In a previous study we showed that ETEC F4⁺ infection induced translocation of phosphorylated (P)-p65 into the nucleus of Caco-2 cells, indicating activation of the NF-κB inflammatory pathway (32). To investigate the ability of GOS to inhibit this inflammatory activity, the phosphorylation status of p65 was assessed by immunofluorescence and Western blot analysis in Caco-2 cells treated with ETEC F4⁺ and GOS, either alone or in combination. The results confirmed that ETEC F4⁺ infection induced a migration of P-p65 into the nucleus, and a significant increase of the phosphorylated form of the p65 subunit (P < 0.05), as compared to the phosphorylation level of p65 observed into untreated (control) cells, as shown in Figures 8, 9, respectively. Cell treatment with GOS alone did not induce any change in p65 phosphorylation as compared to control, indicating that GOS did not induce NF-κB activation (Figures 8, 9 for Western blot and immunofluorescence, respectively). In Caco-2 cells treated with ETEC F4⁺ in combination with GOS, phosphorylation level of p65 did not differ from control cells, indicating that GOS were able to prevent the pathogen-induced migration of p65 into the nucleus (Figure 8). The immunolocalization analysis of P-p65 supports the Western blot results, showing that no nuclear localization of P-p65 could be observed in cells treated with ETEC F4⁺ in combination with GOS or treated only with GOS (Figure 9).

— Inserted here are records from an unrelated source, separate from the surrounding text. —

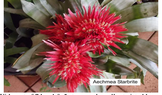
With part of 7 head & 5 stems and smaller twisted leaves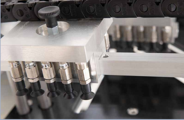
Pickup head for the optional stack loader.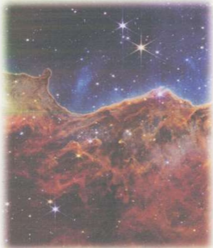
One of the first images taken by the James Webb Space Telescope pictures region NGC 3324 of the Carina Nebula. Many stars are born in this region.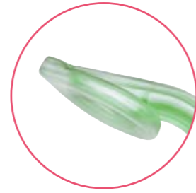
Thin and soft inflatable cuff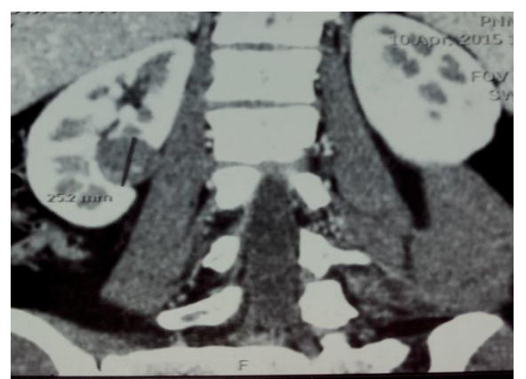
Fig-2: Computer tomography scan showing hypovascular right hilar mass

On gross examination, the tumor measured 2cm x 3cm. It was well-circumscribed and encapsulated. Cut sections presented homogenous gray-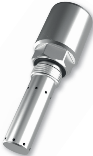
LubCos H 2 O+ II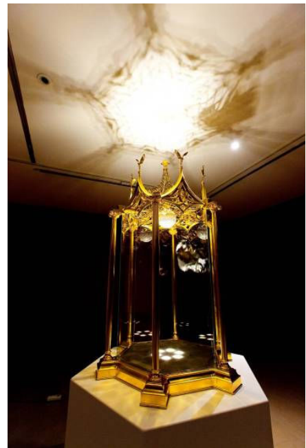
Pavilion (2012) resin, wood, crystal, 24K gold leaf, plastic bag, metallic material, fan, motor, custom CPU board and LED 244(h) × 132(w) × 112(d) cm ©Choe U-Ram and Gallery Hyundai, Seoul

The potential prebiotic activity of GOS was assessed by testing its effect on the growth of three probiotic strains of porcine origin. The experimental procedure consisted in replacing the carbon source normally used in bacterial culture medium, namely glucose, with the compound to be tested (i.e. GOS), followed by a comparative evaluation of bacterial growth on the different carbon sources. The growth curves of L. amylovorus ATCC 33198, L. amylovorus DSM 16698 and L. reuteri subsp. porcinus DSM 110571 (reported in Figures 10A–C, respectively) clearly showed the ability of all the three probiotic strains to successfully use GOS as a carbon source. Indeed, the respective growth kinetics during 22 h incubation displayed a similar trend between GOS-supplemented and glucose-supplemented conditions, with the typical lag, exponential and stationary phases, differently from the negative control (no carbon source), where no growth at all could be observed (Figures 10A–C). In particular, the overall OD₆₀₀ values of L. amylovorus DSM 16698 (8 h, 10 h, 12 h and 22 h time points) and L. reuteri subsp. porcinus DSM 110571 (10 h, 12 h, 14 h and 22 h time points) resulted significantly higher as compared to glucose-supplemented conditions (P < 0.05, Figures 10B, C, respectively). On the other hand, the early and mid exponential phase (8 h and 10 h time points) of the L. amylovorus ATCC 33198 growth curve in GOS-supplemented medium overlapped with that in the presence of glucose, although reaching OD₆₀₀ values significantly lower than those observed in the presence of glucose at the late exponential (12 h time point) and at the late stationary (22 h timepoint) phase (P < 0.05, Figure 10A).